Heating in harmony

Without a doubt, renewables are now at the top of many sustainability agendas. With some local authorities setting carbon emission targets in the form of certain percentages, while others are enforcing the energy performance requirements dictated by the Building Regulations, there is a need to include renewables as a means of offsetting the use of less efficient fuels.

When renewables are included as part of the heating solution, the real challenge is in getting all of the systems, such as biomass, solar thermal and heat pumps to work in harmony, particularly when a renewable element – solar being an obvious example – varies on a daily, or even hourly, basis.

In the UK, solar irradiation levels fluctuate widely and can range from less than 100Wh per sqm of collection area on a cloudy day, to over 1KWh per sqm on a sunny day. What this means is that any solar heating system must be backed up by a 100 percent auxiliary heating. This auxiliary heating could be biomass boilers, which work well in conjunction with solar heating and will also enhance the renewable element of the project.

When considering renewables, the key is to decide which will work well together in a controllable fashion and which overall solution will give the best results for that project.

Solar heating, for instance, is particularly good for heating swimming pools because the pool acts as a large heat sink with  no need to buy thermal storage vessels. The relatively low operating temperatures, typically between 26 and 30 degrees Celsius, are easily achieved. These low temperatures result in high collector efficiencies and solar fractions.

Additionally, most indoor pools have a large roof area which is ideal for the solar collectors.

When solar heating is used for domestic hot water (DHW) it will, on sunny days, heat all of the water to the required temperature. When less solar energy is available it may be used to pre-heat mains cold water before it is brought up to temperature by another heat source.

On larger projects, which inherently have significant shifts in demand, it is usually more cost effective to install solar equipment to pre-heat the DHW and then top it up to the required temperature using either biomass, condensing or conventional boilers. This has the effect of reducing the frequency that the solar circuit goes into stagnation, particularly during the summer months, which in turn increases the system efficiency and specific energy produced by the collector loop.
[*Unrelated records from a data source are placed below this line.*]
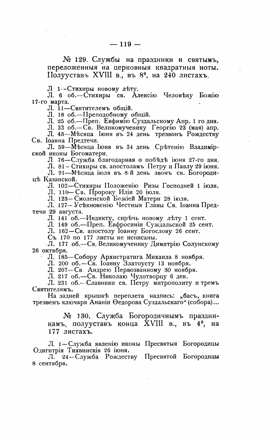.N2 129. Службы на праздники и святымъ,
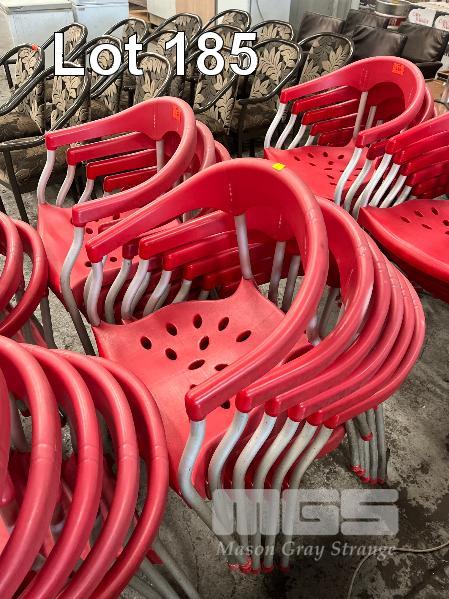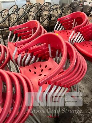 12 x OUTDOOR CAFE CHAIRS, RED PVC
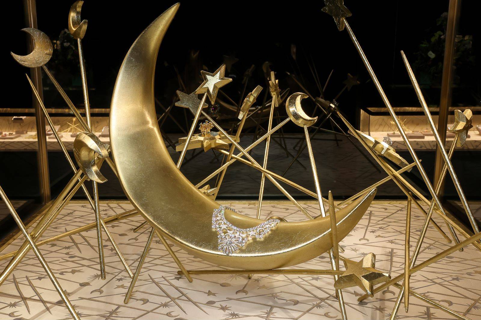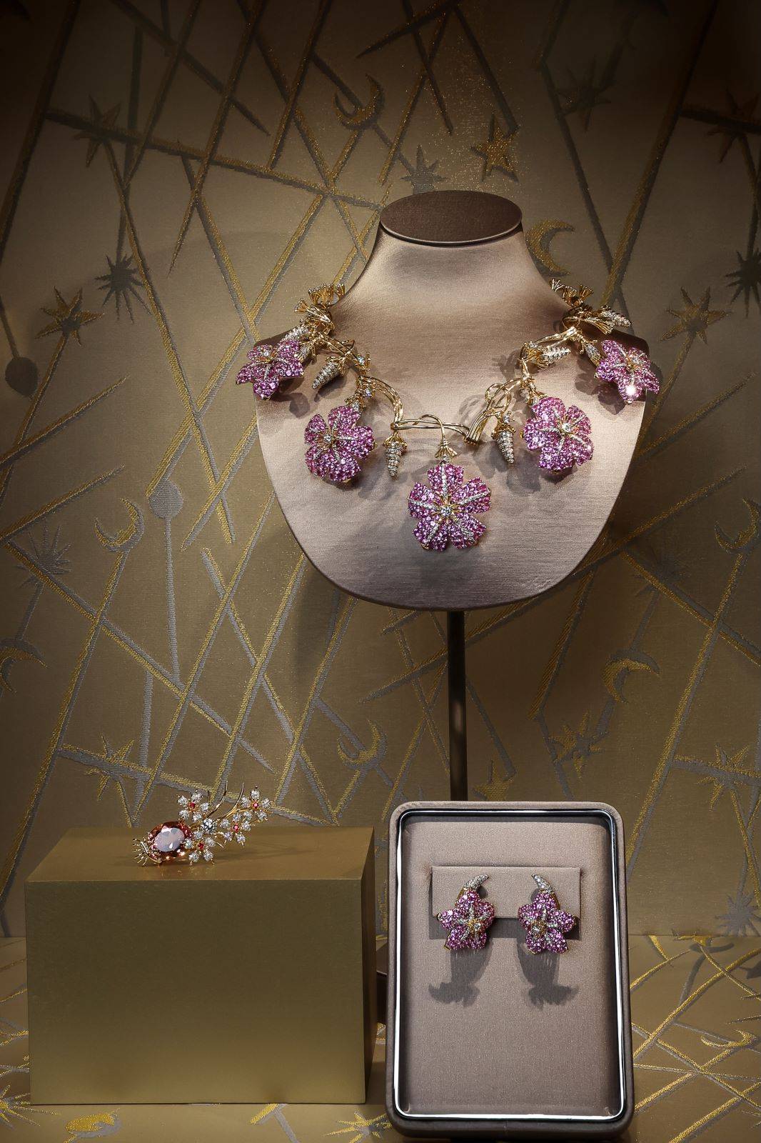 耀目华美的星月项链,在充满艺术气息的橱窗映衬下,一展关于宇宙的炫丽想象。牵牛花造型项链,以粉色蓝宝石与18K黄金材质演绎花朵与藤蔓的蓬勃姿态,彰显出让·史隆伯杰对生命力的敏锐捕捉。
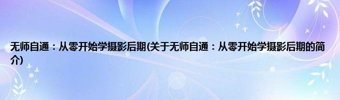本文关于无师自通:从零开始学摄影后期的简介就讲解完毕,希望对大家有所帮助。
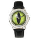 Cat Eye - CAEY100 © Sunny Mars Design. Trendy stijlvolle cool custom geprint opvallend geel en lime groen cat eye ball polshorloge met een close up van de iris van een kattenoog. Perfect cadeau voor kattenliefhebbers en andere katachtige vrienden. Het horloge is volledig aanpasbaar. Creëer Uw eigen unieke horloge door verschillende kleuren te kiezen, polsbanden en stijlen zijn onder meer: Classic RVS, zwart lederen band, goud en zilver tweekleurig, wit of roze sportief, zwart of wit emaille strass, roze rood of zilver glitter en verschillende kleuren kinderen horloges. Maakt een geweldig cadeau voor elk man, vrouw of kind.
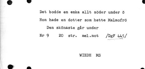 //// ^ HF — //// B;. . //// Det bodde en enka allt söder under ö //// HjwM*^** ** //// Hon hade en dotter som hette Malmofrö //// Den skönaste går under //// Nr 9 20 str. mel.not /DgF 445 //// /* *. //// WIEDE MS ////
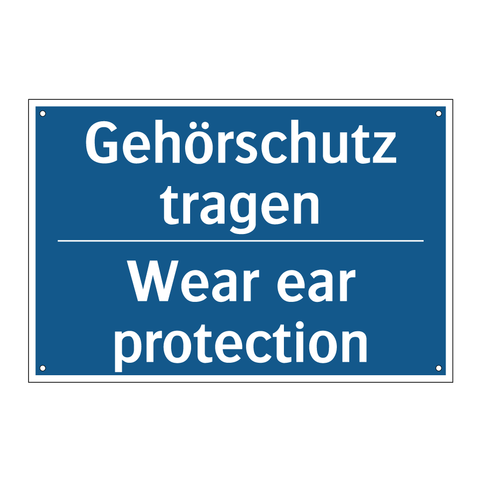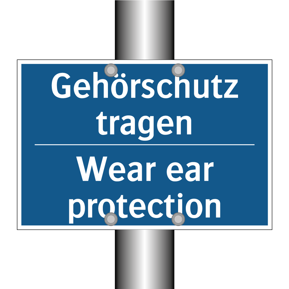 Zweisprachiges Verbotsschild mit deutschem Text Gehörschutz tragen und englischem Text Wear ear protection
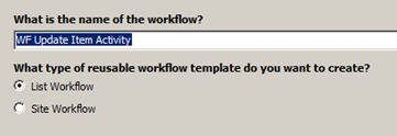 5. Click the Add button and provide the name as WF Update Item Activity and choose the List Workflow option as shown below.

It is important to note that any pre-heated potable water storage volumes should be kept to a minimum, as these may have to be regularly pasteurised as part of the anti-legionella regime. In these circumstances it is beneficial to store the solar energy in a thermal storage vessel and pre-heat the cold feed water through a suitable heat exchanger. This also has the benefit of allowing the solar energy to be safely stored at higher temperatures.

Piping a number of non-potable thermal storage vessels in series and using diverting valves to circulate the water in the vessels will enhance stratification within the vessels. This will promote solar gain and also allow for auxiliary heating sources to be fully integrated within the heating / DHW scheme and support the solar powered system.

Another way to lessen the periods of stagnation during the summer months, when solar energy is in abundance, is to increase the angle of inclination on the collectors. This reduces the efficiency of the collectors in the summer and increases their efficiency in the winter when the sun is lower in the sky, thus having a load levelling effect.

In other schemes, a combination of these renewables with high efficiency condensing boilers may be an even better solution. Where there are high demands for hot water, for instance, the solar heating and biomass boilers may be used for DHW. In parallel, condensing boilers or heat pumps could be used to supply space heating, thus taking take full advantage of the relatively low temperatures of the water returning from the building to the heating plant, to achieve maximum efficiency.

In any of these scenarios, effective control is going to be the key to achieving the desired result which, in turn, requires an excellent understanding of the technicalities of the systems involved. Hoval has extensive experience of all of these forms of heating, and of integrating them with the assistance of sophisticated control strategies to ensure that each performs to maximum efficiency.

Manufacturers of biomass boilers build their products to a high standard, producing good efficiencies. However, to achieve optimum performance, they require premium grade fuel. Typically both wood pellet and wood chip should conform to European Specification CEN TC355/CEN TS14961.

In the case of biomass installations it is also important to consider all of the practicalities, such as the implications of the chosen fuel type for fuel storage requirements and ensuring access for delivery vehicles. It is also necessary to balance costs to achieve the optimum situation for each project. For instance, wood chips tend to cost less than wood pellets but have a lower calorific value so more need to be used to produce the same amount of heat. Wood chips also produce more ash, so this has implications for maintenance requirements.

Hoval is ideally placed to advise on all of these issues and can offer a full turnkey service from initial design through to commissioning and ongoing maintenance.

Clearly, there is a need to give due consideration to integrating renewable technologies into all building services projects. Understanding these technologies and being able to design suitable bivalent systems incorporating the right products and controls for any one particular project is where the skills of companies like Hoval can play an important role in helping property managers drive down energy-related costs while also reducing the UK’s carbon emissions.